Listening to Poulenc’s Stabat Mater as I knead bread, I feel a sudden strong surge of affection for Christianity, which ordinarily I am neutral to or even vaguely repulsed by, depending on my mood. Poulenc makes me almost wish I were Christian, in the same way that the poems of Rumi, Hafez and Khayyam make me wish I were Muslim and the temples of Kyoto and Nara once made me wish I were Buddhist.
Perhaps it sounds shallow to admit that the purely aesthetic or sensory expressions of a religion make its traditions come alive for me, but I think the kind of gestalt such expressions can produce is central to the religious experience, at least as I understand it. Philosophically, I am a materialist and a naturalist: there is no room in my worldview for the supernatural. Something either exists, and is therefore part of nature, or it doesn’t. But although I’m unashamed of my agnosticism in regards to the specific truth-claims of any given religion, I still think of myself as religious, inasmuch as I share a basic set of intuitions and practices that I think can only be described as religious. “Spiritual,” with its overtones of woo, doesn’t do as good a job of characterizing such habits as:
- Relating to each entity and event as if it were unique and unrepeatable. Whereas in mathematics we are taught to treat sparrows (say) as interchangeable, so that they may be assigned some arbitrary value, from a religious standpoint, each sparrow is ultimately irreducible to any abstraction. Our generalizations fail to capture what is truest and most precious in the world.

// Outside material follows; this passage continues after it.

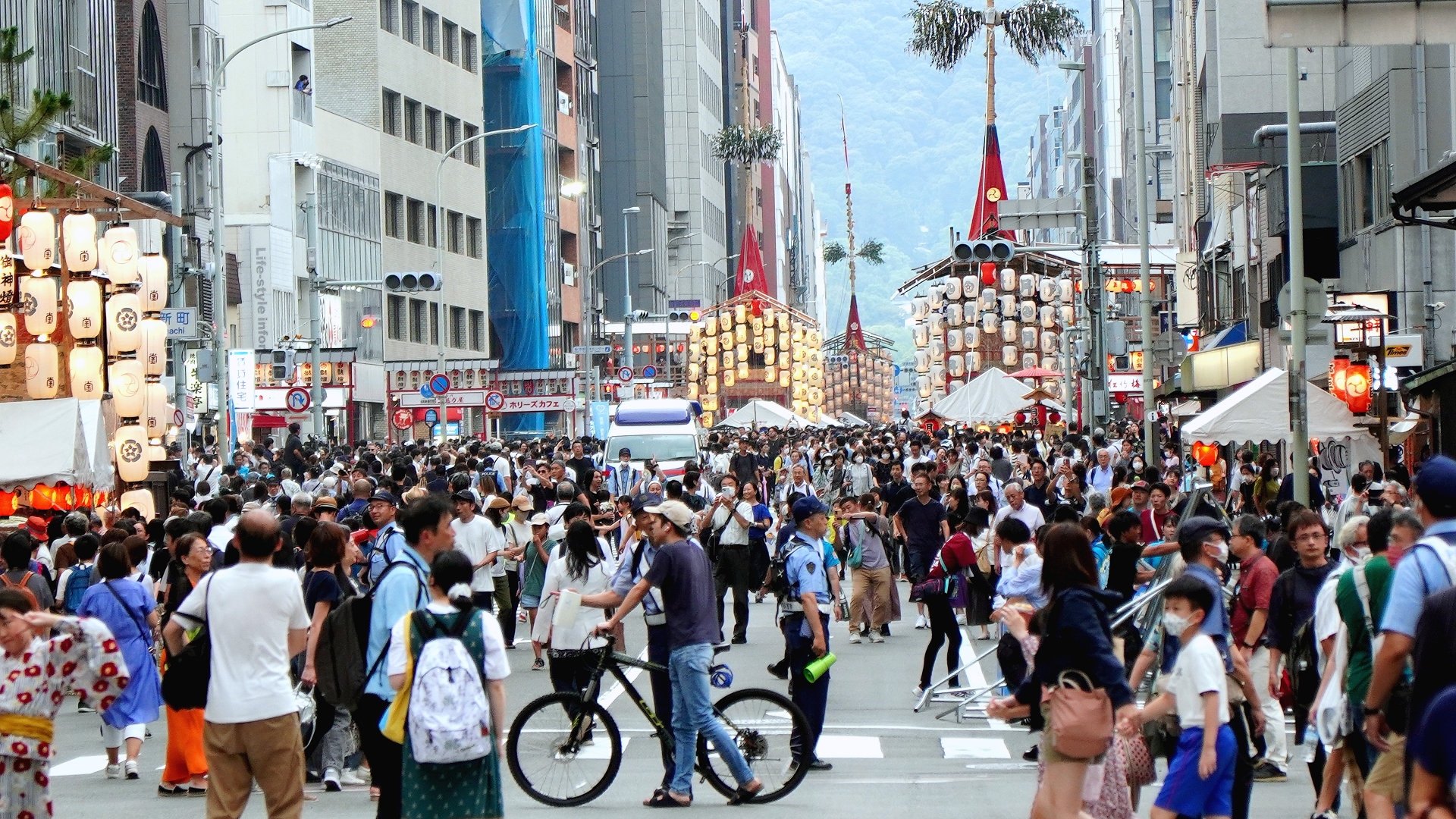17:05、四条通りを横断、まだ交通規制はかかっていません

- Cultivating wonder and awe, even at the patterns unveiled by the aforementioned generalizations (which are essential to scientific understanding). Instead of taking a dismissive attitude about reality — x is no more than y — a properly religious person marvels that x is no less than y.
- Remaining humble in the face of all we cannot know. To pick one example, I sometimes find myself echoing the Muslims and saying insh’allah (“God willing”) about any planned-for future event, because it just strikes me as unpardonably arrogant to state definitively that such-and-such will happen on such-and-such a date and time. There’s a presumptuousness about the way we post-modern consumer types relate to time and place that I find really disturbing.
- Gratitude for our own existence, a feeling of having been blessed no matter how dire the circumstances. Deists may have a hard time accepting that it’s possible to feel a generalized gratitude to whoever or whatever unknown forces may have brought us into the here and now, but trust me: it’s not only possible, but really quite easy!
- A kind of double vision that on the one hand sees the world as irredeemably broken or sinful or full of dukkha, but on the other hand sees it as already perfected, even paradisiacal — and tends to feel this latter vision is truer, if much more difficult to sustain. (In some religions, of course, this insight is reserved for those with more advanced training, or is restricted to mystical sects.) Thus though I believe strongly in evolution by natural selection, I feel no contradiction in also seeing the world as Creation, by which I mean: wondrous, unpredictable, and capable of exceeding itself at every turn.
- A willingness to suspend disbelief without necessarily submitting to the tyranny of creeds. I think it was Sam Johnson who memorably characterized the necessary precondition for appreciating secular works of fiction as the suspension of disbelief. In many indigenous belief systems, conscious clowning and make-believe are vital ways to keep the imagination from calcifying and preserve that sense of awe and wonder mentioned above (see “Laughing in Church“). “Holy fools” are honored in most traditions; some Sufis maintain that Nasreddin was the subtlest and wisest teacher who ever lived. There is a playfulness to the best theology.
- Feeling and showing deep respect toward other beings, to the point of seeing ourselves in them and placing their needs before our own. Empathy and compassion are at the root of ethical behavior. They’d be impossible without the humility and imagination already mentioned, but I don’t think they are simple corollaries, either. As social beings, I think we’ve evolved to respond in specific ways to the faces of others, as Levinas has argued.
- Cultivating a healthy skepticism about one’s own wants and needs.
People hostile to religion often seem to feel that if they can simply demolish the arguments for supernatural realities, that religious people will see the error of their ways. Their belief in the persuasive power of reason is touching, and smacks a little of superstition itself. I gather that modern psychology has found little evidence to suggest that people are ever persuaded by facts in this manner, unless they are already looking for things to justify abandoning beliefs that have become uncomfortable for other reasons. But be that as it may, I think critics sometimes fail to understand the appeal of religion in the first place — and fail to recognize the extent to which science does not and can never explain away the wonder and mystery at the core of existence. Whether organized religion is the best way to preserve this intuition is of course a completely different question.